Trust me, I know what goes into an unsuccessful book pitch. I’ve written dozens of them. Apparently there’s not a market for books of bad baby names*, image-heavy coffee table books with abstract short stories, or anything inherently speaking to a tiny population of people like my "Indie Rock & Baseball" idea. But, in the off chance I did have a good idea for a book, what are the chances of it actually getting made? I guess I'll have to let you know when that happens.

*”Liquor” is a hilarious baby name. So many applications. “Honey…I’m going to get Liquor!” I would never get tired of that. I suppose Beer would work too, but that’s just a little too easy.

But, the worst part for me is that Conrad’s books are works of fiction, not memoir-ized recaps of whatever we’ve been seeing on MTV*. As someone who aspires to be considered a fiction writer (but with little published evidence of this inclination), something about that stings. And man, I refuse to look at how old she is on Wikipedia. I’m sure that would put me into a new low rung of bummerdom.

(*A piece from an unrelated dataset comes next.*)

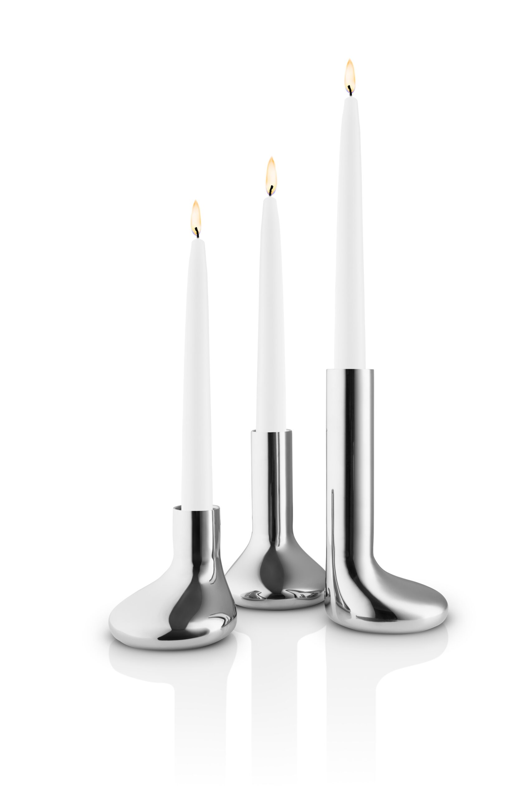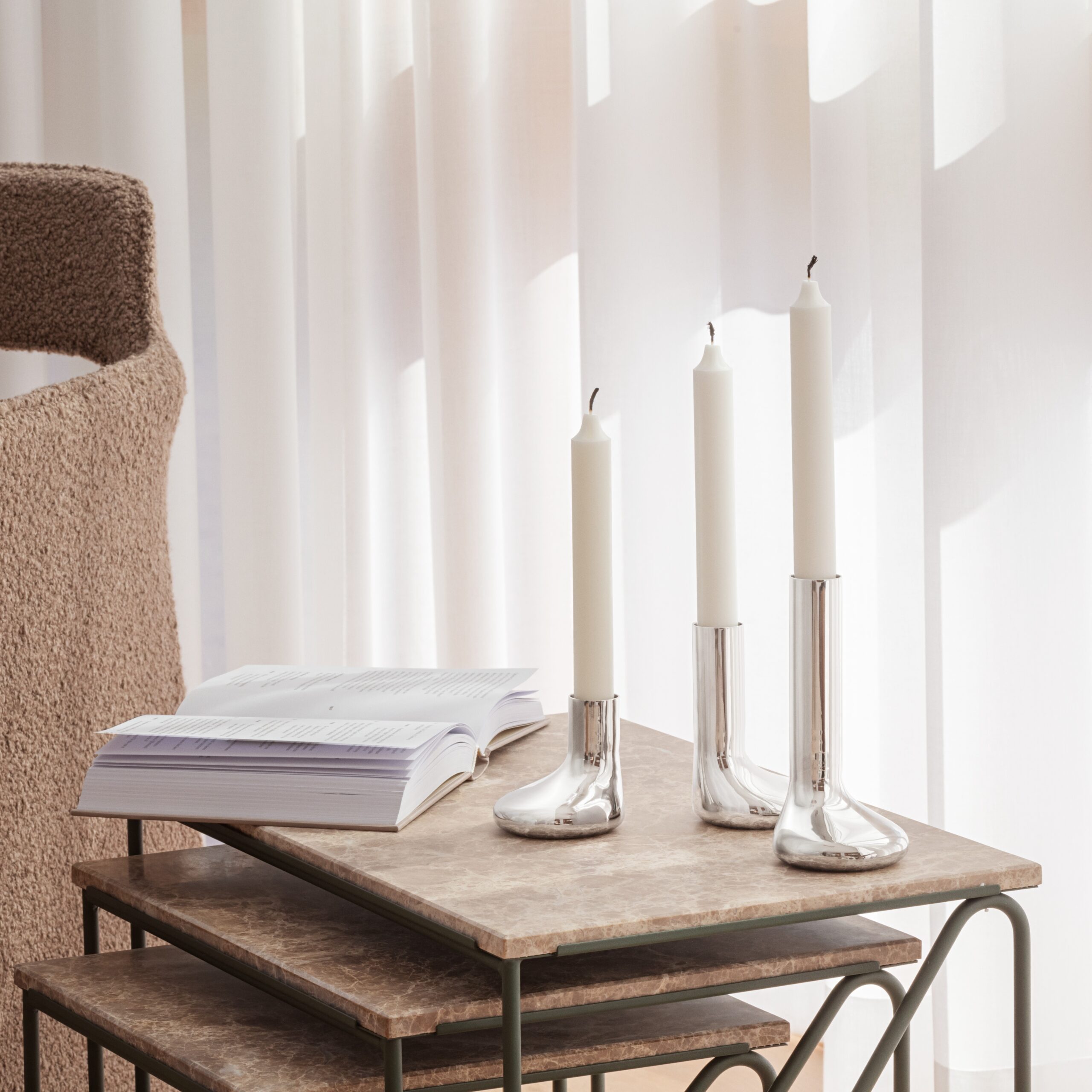 Mellow lysestagerne leger med kontraster. Stålens rå styrke møder bløde, næsten flydende former, inspireret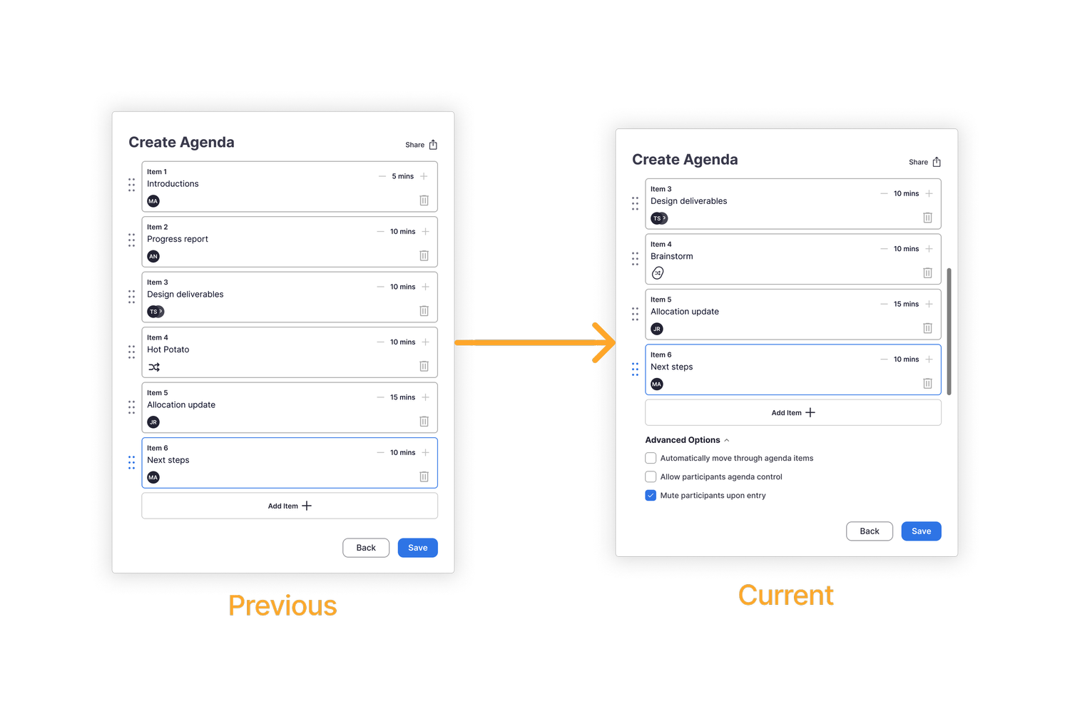 A dynamic agenda feature that allows creates more purposeful and engaging meetings by:

*Conrad has one of those called Style. Four books total. Kill me.

Listen, I don’t claim that I have a really tangible answer to what form fiction is taking, especially since everything has been made hazier by the infinitely-expanding tendrils of le Internet. But, can art for artists be pop art again? Was it ever? Is the notion of a successful book now, and forever, shackled entirely to its sales potential?

James Franco recently published a book of short stories, and I’m still not sure how to feel about that. I realize he’s got the grad school cred and he’s got the chops— but had he not been such a precocious actor, would any of the other stuff, the art shows, the short fiction, ever have happened? I doubt it. And I say that as a big fan of Franco's. He has my dream life.

I guess I’ll need a casting agent if I want to get a book published. If you're a casting agent, you know where to find me.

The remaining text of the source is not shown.